Cat Lover

CAT LOVER

BY

JOHN MCCONNOCHIE

Can you hear me out there? Can you hear me now that I am unhusked emptiness, now that I am merely a flicker of light at the back of an eye?

It was her eyes that captivated me from the first, those fathomless black wells of sin floating in the liquid amber of her irises. I had seen the advertisement - `Pedigree Kittens For Sale’ - in a local paper and, because I had always liked cats, and because I craved companionship - a release from my loneliness - I gathered up my small courage in my hands and phoned. She had my heart from the first; there was something about her - some indefinable grace and delicacy, and of course those eyes - which set her apart from her brothers and sisters, and looking at her I was reminded of the time when I had found a tiny black kitten wandering lost and pathetic and, ignoring my mother’s warnings of disease and the ruin wrought by claws on furniture, had installed it in my room and tended to it for a whole weekend. How eagerly - for once - I had returned home from work the following Monday to be greeted by my mother’s tearful tale of the kitten’s escape and its demise beneath the wheels of a passing car. Coward that I am, I had not faced her with my discovery of the broken and bloodied broom-handle hidden beneath the sacking in a dark corner of the cellar but had continued to hug my long hatred of her to myself in self-recriminating silence.
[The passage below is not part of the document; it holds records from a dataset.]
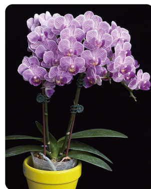
圖1. 藍紫色蝴蝶蘭薇薇安‘紫皇后’已少量在市場流通。

蝴蝶蘭 ( Phalaenopsis spp.; Phal. ) 具有花期長、種類多樣、能溫控調節開花特性，一年四季皆可培育開花株，臺灣蝴蝶蘭每年出口額高達45億元，堪稱為蘭花界「臺積電」，臺灣擁有蝴蝶蘭完整的生產供應鏈，客製化及品種多樣是其中不可或缺的關鍵，若需要在市場上具有更強的競爭力，且不輕易被取代，就需要不斷在形態上求新求變，其中粉色與白色為蝴蝶蘭最常見的花色，而夢幻且稀有的藍紫色品系卻是育種者趨之若鶩且極力想突破的目標(圖1)。有鑑於藍紫色蝴蝶於消費市場上的潛力，上一期我們介紹藍紫色特殊個體及藍紫色蝴蝶蘭育種概況，本期將延續探討藍紫色蝴蝶蘭生成原因和育種瓶頸，期望能促使蝴蝶蘭新品種的育成，以增加國際市場的競爭力與多樣性。
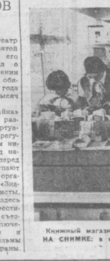
Книжный магазин № 23 — один из лучших в Чиланзаре. НА СНИМКЕ: в отделе изобразительного искусства. Фото М. Нуритдинова.

НА СНИМКЕ: в отделе изобразительного искусства. Фото М. Нуритдинова.
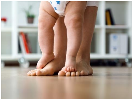
Fødderne er vores fundament igennem hele livet.

Sygdomme i fødderne kan være lidelser som diabetes, gigtlidelser, lammelser, overbelastninger med mere. Disse sygdomme kan være årsag til at der opstår skader, deformiteter og smerter i fødderne, som kræver behandling. En del sportsudøvere får også brug for hjælp til fødderne.
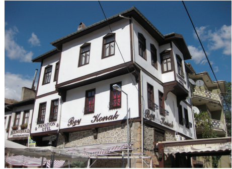
Resim 1. Beypazarı'nda restorasyonu yapılan konaklardan biri

başlatılan “Sokak Sağıklaştırma Projesi” kapsamında yenilenen 13 evin cephesinden sonra 2000 yılında dönemin Belediye Başkanı'nın öncülüğünde tarihî dokuyu korumak ve turizmi geliştirmek için “Beypazarı Yeniden Projesi” yürütülmüştür (Ecerel ve Özmen, 2009). Bu proje kapsamında gerçekleştirilecek 80 evin restorasyonu için maddi destek istenmesiyle başlayan projede, ilk olarak 25 ev restore edilmiş, başarı sağlanınca restorasyon çalışmalarına devam edilmiştir. Evlerde çatı kısımlarının restorasyonu ev sahiplerine bırakılarak bu kişilerin projeye katkıda bulunmaları ve evlere sahip çıkmaları sağlanmıştır. İlçede bulunan 3500 adet tarihî konutun restorasyonu ve sağıklaştırılması çalışması bu proje kapsamında ele alınmıştır. 2008 yılına dek bu evlerden 550 tanesinin restorasyonu bitmiş 283 bina için tescil alınmıştır (Nevzat Uzunoglu, kişisel görüşme, Ekim 2010).
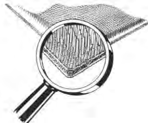
Bügelblatt „FAKIR“, zum Bügeln von Samt, Duvetin usw.
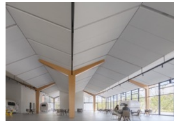
Xitang Naera Art Gallery. © Liang Shan
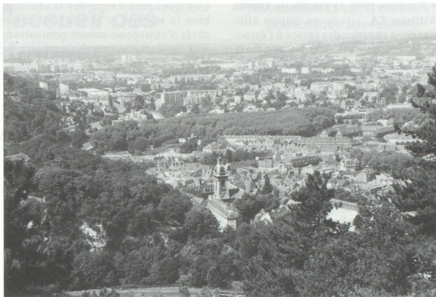
Vue générale de la ville de Besançon.

➔ En mars 1990, la Société Micro-Horlogère suisse ( SMH. ), numéro un mondial de l'horlogerie (Swatch, Omega, Tissot, Longines, Balmain), décide son installation à Besançon. La filiale française du groupe suisse a en effet acheté 4 000 mètres carrés de locaux qui abritent notamment les départements informatique et comp-

Sabrina - for so I named her - was expensive but I was not poor, for when my mother’s suffocating lungs had finally ended her suffocation of my life she had left me well-provided. I remember the pride - even then the fierce possessiveness - with which I clutched the cardboard box in which I carried Sabrina home.

During the weeks which followed we both grew, my beautiful Sabrina and I, she physically and I emotionally, for after all the empty, nagging years there was finally something in my life which I could love unreservedly. I grew to know her ways, to recognise her moods: to know when she wished to be alone, when she wished to be caressed; I came to know her tenderness, her sudden passions, and I grew to love her.

Often, in the evenings, when she would sit upon my lap and suffer my strokings and the little musics I would make with my mouth to soothe her, I would gaze into her eyes and, transfixed by love, I would be carried away in transports of adoration; I felt then, in the depths of my exaltation, that she was a kind of goddess and I wished I could worship her in all ways, and forever.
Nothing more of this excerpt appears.